Escalating trade wars, rising interest rates, higher commodity prices, record-high stock prices: There is a lot for investors to chew on as the Canadian second-quarter earnings season kicks off this week.
Expectations are relatively upbeat. Analysts anticipate that companies within the S&P/TSX composite index will report profit growth of more than 10 per cent over last year, led by stellar results from energy producers, miners, consumer stocks and technology.
But an open question is whether earnings will matter if investors focus instead on what executives say about the impact from tariffs and negotiations over the North American free-trade agreement.
“In our opinion, much of the damage has been done,” Ian de Verteuil, a strategist at CIBC World Markets, said in a note.
“Even a renegotiated NAFTA will not provide business with confidence that Canada has unfettered, low-risk access to the U.S. market. We still like Canadian energy stocks, and companies with leverage to a robust U.S. market.”
Clearly, there’s a lot at stake here if the rebound in the Canadian stock market is going to continue. The S&P/TSX composite index has risen more than 10 per cent from its lows in February, and has been hitting record highs this month.
Quarterly results this week from a handful of big names, including West Fraser Timber Co. Ltd., Rogers Communications Inc., Canadian Pacific Railway Ltd. and Encana Corp., will set the tone.

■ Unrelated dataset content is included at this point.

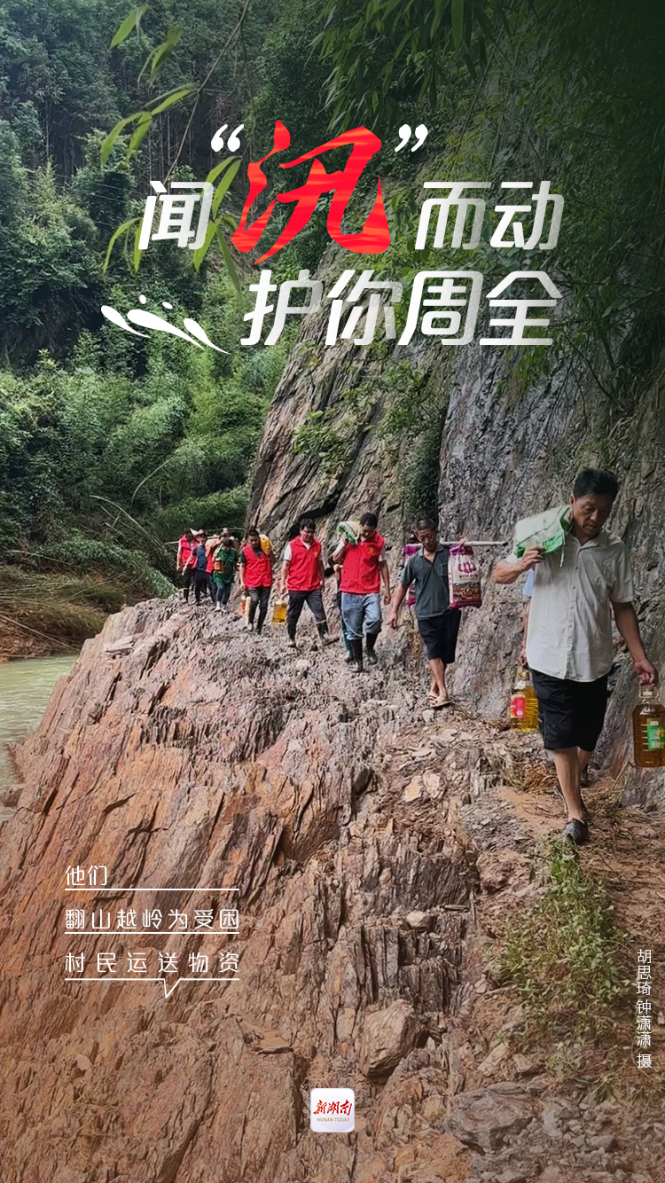 6月25日,桃源县夷望溪镇竹园村,志愿者队伍肩挑手提为受困村民运送应急物资。

And they’ll set things up for next week, when Canadian National Railway Co., Barrick Gold Corp., Loblaw Cos. Ltd., Suncor Energy Inc. and Air Canada are scheduled to release their second-quarter results.
According to Thomson Reuters, analysts are currently forecasting that overall TSX profits will rise 10.8 per cent, year-over-year.
Admittedly, that marks the slowest growth in at least four quarters, and a noticeable slowdown from profit growth of 15.1 per cent in the first quarter. It is also nearly half the pace of profit growth from companies within the S&P 500, whose profits are expected to increase 20.9 per cent over last year.
Nonetheless, achieving double-digit growth nine years into a bull market is nothing to complain about, and could give investors something to cheer amid simmering concerns over trade tariffs and tighter monetary policy.
Energy will be a key sector to keep an eye on, given that it has a large 20-per-cent weighting within the composite index and has been performing well. The sector has rallied nearly 20 per cent since early April, driven by rising oil prices, even as a power outage at Suncor-controlled Syncrude Canada Ltd. has hampered output.
Thomson Reuters expects that energy companies will report a 17.2-per-cent increase in their quarterly profits, and this level of optimism can be seen elsewhere too, marking a sizable shift from just a year ago, when the price of crude oil languished below US$50 a barrel (it’s now above US$70 a barrel).
“In our view, energy producers remain in the early stages of a multiyear bull market underpinned by oil supply constraints and limited OPEC usable spare capacity,” Greg Pardy, an analyst at RBC Dominion Securities, said in a recent note.
At the end of June, Mr. Pardy raised his target prices and cash-flow expectations for 10 Canadian energy companies, including Suncor and Encana. A number of other analysts bumped up their targets last week.
A consensus of analysts, according to Bloomberg, expect Suncor will report a profit of 70 cents per share in the second quarter, or 67 cents after adjustments – up from 12 cents per share last year.
Lumber producer West Fraser Timber has been in the grip of U.S. trade tariffs for more than a year, but its shares have rallied over this period, and are up about 18 per cent this year alone. Tariffs don’t hurt when U.S. lumber demand remains strong amid a booming housing market.
Analysts expect West Fraser will report a profit of $3.03 per share, up from $2.23 last year.
A brief labour strike at Canadian Pacific may take a small bite out of the railway’s second-quarter profit. RBC Dominion Securities analyst Walter Spracklin trimmed his forecast to $3.10 per share − in line with his peers − down from $3.27 previously. But compared with last year, that’s up about 12 per cent.